A SpaceX Dragon cargo ship arrived at the International Space Station today (Dec. 7) to deliver vital supplies for NASA and try something brand-new: park itself without the help of astronauts.

The private spaceflight company used a Falcon 9 rocket to launch CRS-21, the first flight to use the upgraded version of its Dragon cargo spacecraft, to the space station Sunday (Dec. 6) from NASA's Kennedy Space Center in Florida. The vehicle autonomously docked with the orbiting laboratory today at 1:40 p.m. EST (1840 GMT), parking at the zenith, or space-facing, side of the station's Harmony module. 

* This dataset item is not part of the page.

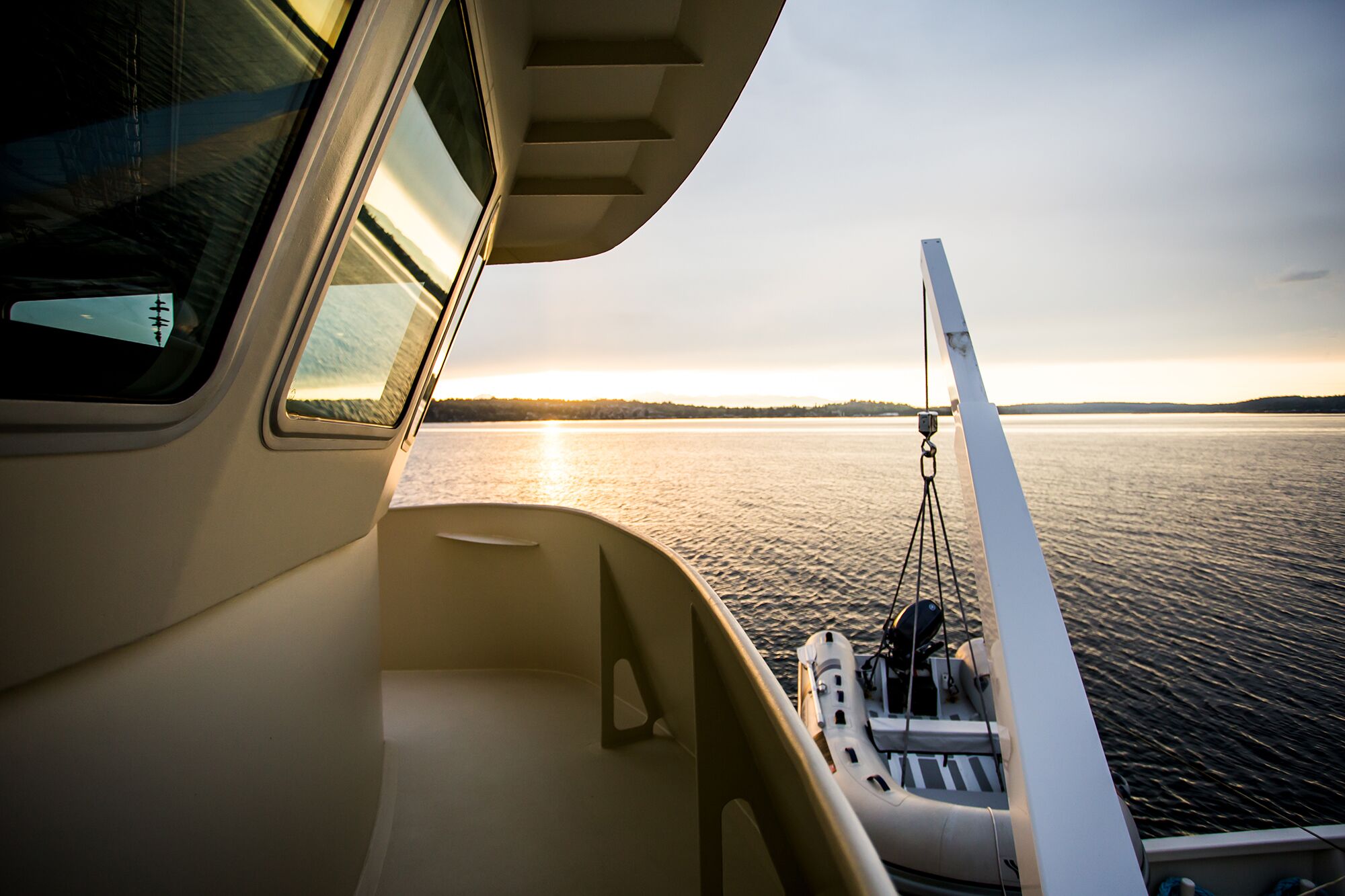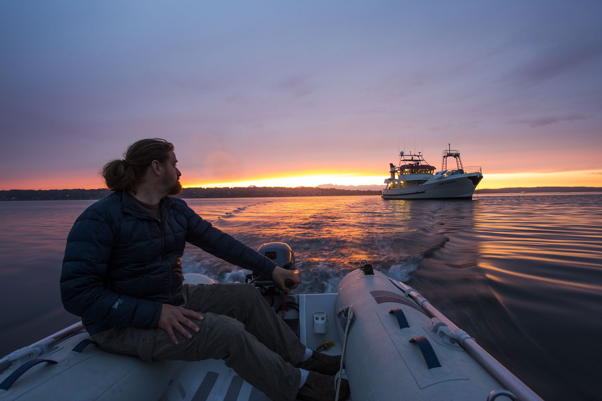 It’s a foggy and still November day in Port Townsend, Washington, and a childhood friend is taking me and my colleague Brian for a quick spin on his 58-foot schooner, Singawing. Matthew Mortensen is his name. He and his wife, Andrea, operate Great Bear Charters, bringing clients up and down the Inside Passage on their flotilla of one. It’s easy to picture spending a week or more on this charter boat bedecked with all the cruising necessities. Its cozy interior has plentiful sleeping quarters and kayaks flare out on racks above the transom.

Docking was delayed 10 minutes due to spotty communications with ground controllers during the last leg of the Dragon's trip. At the time of docking, the station was orbiting about 268 miles (431 kilometers) above the southern Indian Ocean, near Australia.  

"The Cargo Dragon has officially made it to the International Space Station," NASA spokesman Gary Jordan said during a live webcast of the docking. "Hatches are expected to be opened later today for that first access to some of the incredible science that is on board."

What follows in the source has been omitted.